Text data normalization

To process Czech and Slovak text for the purpose of extracting entities while also needing to normalize the text through stemming and lemmatization, you can follow a structured methodology that involves several steps. Here’s a recommended approach:

1. Text Preprocessing

  • Language Detection: If your dataset contains a mix of Czech and Slovak texts, start by detecting the language of each document to apply language-specific processing accurately.
  • Cleaning: Remove unnecessary elements such as HTML tags, URLs, emojis, and punctuation. For languages like Czech and Slovak, it's crucial to handle diacritics correctly since they can change the meaning of words.
  • Normalization: Convert your text to a uniform case (usually lowercase) to ensure consistency during processing.

2. Tokenization

Split the text into sentences and then into words (tokens). Given the complexity of Czech and Slovak grammar, use a tokenizer that understands the language structure well.

3. Part-of-Speech Tagging

Tag each word with its part of speech (noun, verb, adjective, etc.). This step is essential for effective lemmatization since the root form of a word often depends on its part of speech.

4. Lemmatization and Stemming

  • Lemmatization: Convert words to their base (dictionary) form. For Czech and Slovak, use a lemmatizer that understands the morphological rules of the language. Lemmatization is generally preferred over stemming for tasks requiring a high level of accuracy, such as entity extraction, because it preserves the semantic meaning of the word.
  • Stemming (optional): Reduce words to their stem or root form by cutting off the end of the word. Stemming is more aggressive than lemmatization and might not always produce linguistically correct outputs. However, it can be useful in reducing word variations and improving the performance of some text processing tasks.

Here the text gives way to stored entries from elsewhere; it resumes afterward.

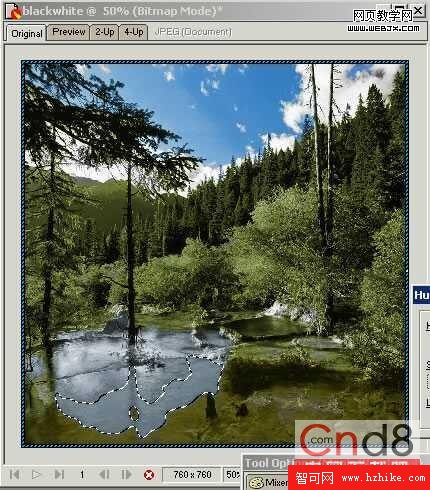 下圖的選區,水這塊顏色分得不是很明顯很難選,呵呵,只要把tolerance裡的值調小了一點,就很容易做到了!
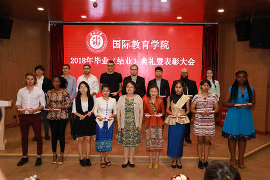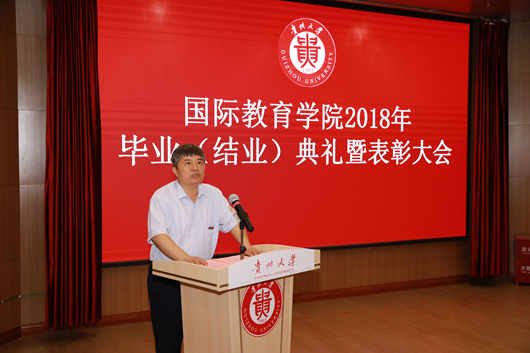 7月4日,贵州大学2018年留学生毕业(结业)典礼暨表彰大会在新校区明正楼212报告厅举行。
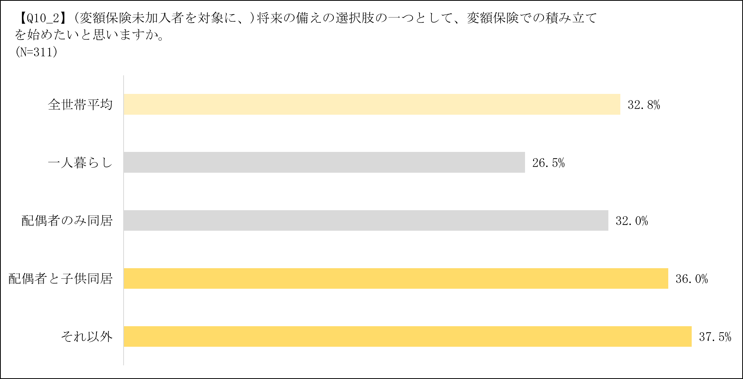・変額保険のメリットを踏まえ、変額保険未加入者で配偶者と子供の双方、もしくはそれ以外の家族と同居している方の加入意向は、一人暮らしの方に対して約9ポイント、配偶者のみと同居の方に対して約4ポイント高い結果となった。
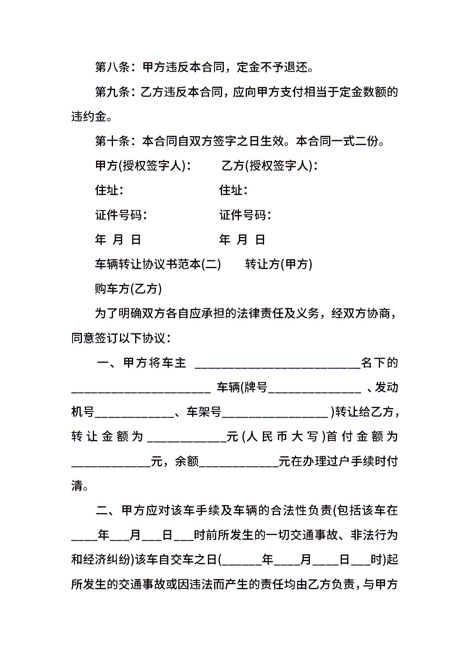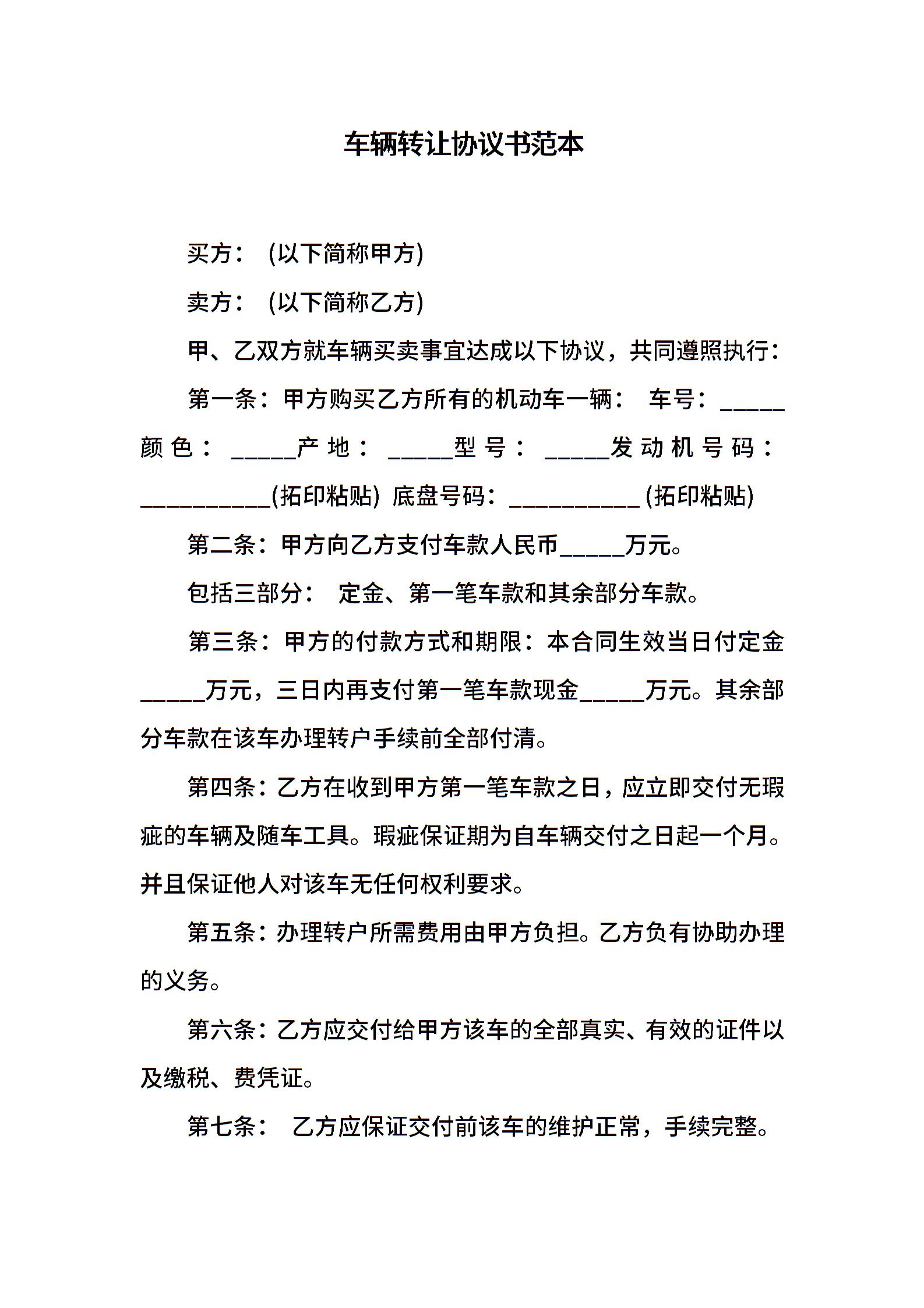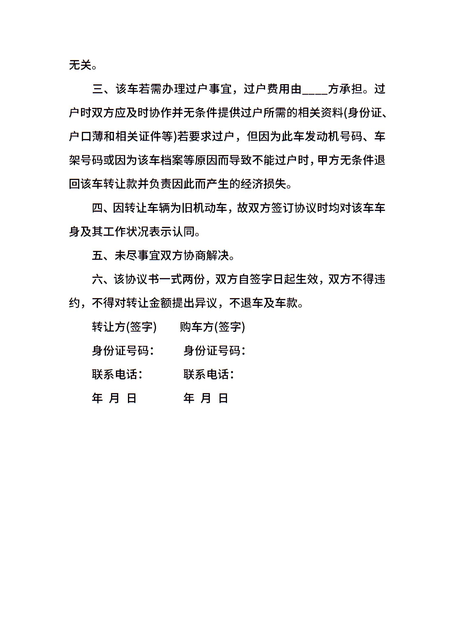 车辆转让协议书范本
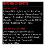 Purified Water, Di Sodium EDTA, Sodium Sulfite, Glycerine, Carbopol 940, Lauryl Glucoside, PPD, MAP, Resorcinol, Tween 80 (Yellow Musk), Perfume, MEA
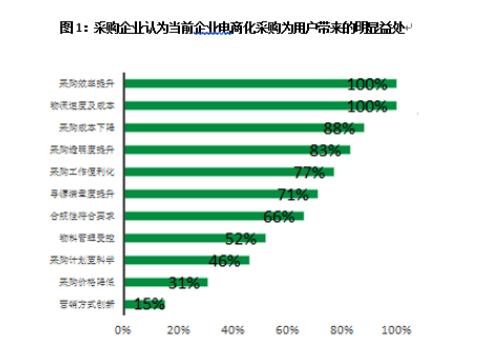 企业对目前电商化采购满意度较高。《报告》显示,当前采购企业对电商化采购的采购效率提升最为满意,满意度高达100%;对服务满意度较高,其中物流配送服务最为满意,满意度也达100%;此外对电商化采购所带来的成本下降、工作便利性、采购合规性等都有较高的认可度。
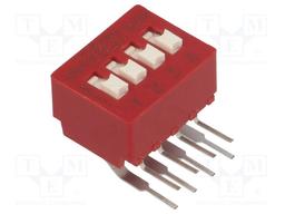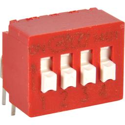 Switch DIP OFF ON SPST 4 Extended Slide 0.1A 25VDC PC Pins 10000Cycles/Switch 2.54mm Thru-Hole Tube

5. Named Entity Recognition (NER)

Now that the text is preprocessed and normalized, use a Named Entity Recognition model trained on Czech and Slovak languages to identify and extract entities such as names of people, places, organizations, etc.

6. Post-processing

After extracting entities, you might want to further refine the results by removing duplicates, resolving entity references, or aggregating similar entities.

Tools and Libraries

  • For Preprocessing, Tokenization, and POS Tagging: Libraries such as NLTK, SpaCy, or Stanza offer tools for text preprocessing, tokenization, and part-of-speech tagging. Stanza, in particular, has support for many languages, including Czech and Slovak.
  • For Lemmatization: Use language-specific lemmatizers. The Czech National Corpus provides tools for Czech, and there are similar resources for Slovak.
  • For NER: Look for models specifically trained on Czech or Slovak languages. SpaCy and Stanza might offer pre-trained models for these languages. If not, you may need to train your model using annotated datasets in Czech or Slovak.

Best Practices

  • Evaluate Tools: Test different libraries and tools to see which ones perform best on your specific dataset.
  • Continuous Evaluation: Regularly evaluate the performance of your entity extraction pipeline and refine it based on feedback and new data.
  • Custom Training: Consider training your models on a domain-specific corpus if off-the-shelf models do not meet your accuracy needs.

This methodology combines linguistic processing with machine learning to achieve accurate entity extraction from Czech and Slovak texts. It's adaptable depending on the specific requirements of your project and the available resources.